- **Provided material**
= = = = = = =
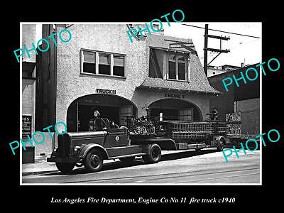 OLD LARGE HISTORIC PHOTO OF LOS ANGELES FIRE DEPARTMENT, ENGINE Co 11 TRUCK 1940
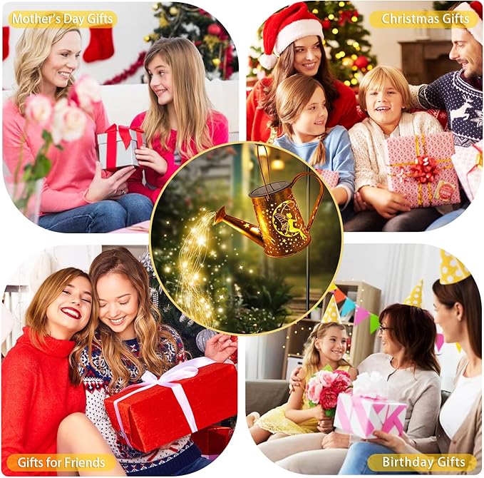 • Solar lights With Wide Application: Our solar watering can with lights(with Warm White Installed Light String) is good for DIY: watering plants, tree vines, potted, decorations, wedding, party ,dinner table, porch, bedroom, window, balcony, wall, Christmas,Thanksgiving, birthday , anywhere indoor or outdoor decor (Product includes shepherd's hook)
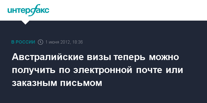 Москва. 1 июня. INTERFAX.RU - Россияне с 1 июня смогут получать австралийские визы по электронной почте. "По информации посольства Австралии в Москве, с 1 июня 2012 года российским гражданам при положительном решении о выдаче австралийских виз, как правило, не будут вклеиваться в паспорта визовые талоны, а будут направляться уведомления по электронной почте или заказным письмом", - говорится в сообщении МИД РФ, распространенном в пятницу.
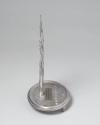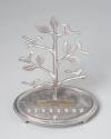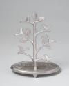 Physical DescriptionPhysical DescriptionSilver-toned metal Hanukkah (menorah) candle holder with tree sculpture that has birds and leaves on the branches in middle. On the base is etched a leaf motif and a row of indentations for eight candles with the indent for the helper candle in front, separating it from the rest. At the base of the tree is a plaque with a message to President Obama. Menorah is slightly raised on three feet.
= = = = = = =
- **Task directions**
No picture should be included when the data are set down again exactly.

- **Reply to the exercise**
 OLD LARGE HISTORIC PHOTO OF LOS ANGELES FIRE DEPARTMENT, ENGINE Co 11 TRUCK 1940
 • Solar lights With Wide Application: Our solar watering can with lights(with Warm White Installed Light String) is good for DIY: watering plants, tree vines, potted, decorations, wedding, party ,dinner table, porch, bedroom, window, balcony, wall, Christmas,Thanksgiving, birthday , anywhere indoor or outdoor decor (Product includes shepherd's hook)
 Москва. 1 июня. INTERFAX.RU - Россияне с 1 июня смогут получать австралийские визы по электронной почте. "По информации посольства Австралии в Москве, с 1 июня 2012 года российским гражданам при положительном решении о выдаче австралийских виз, как правило, не будут вклеиваться в паспорта визовые талоны, а будут направляться уведомления по электронной почте или заказным письмом", - говорится в сообщении МИД РФ, распространенном в пятницу.
 Physical DescriptionPhysical DescriptionSilver-toned metal Hanukkah (menorah) candle holder with tree sculpture that has birds and leaves on the branches in middle. On the base is etched a leaf motif and a row of indentations for eight candles with the indent for the helper candle in front, separating it from the rest. At the base of the tree is a plaque with a message to President Obama. Menorah is slightly raised on three feet.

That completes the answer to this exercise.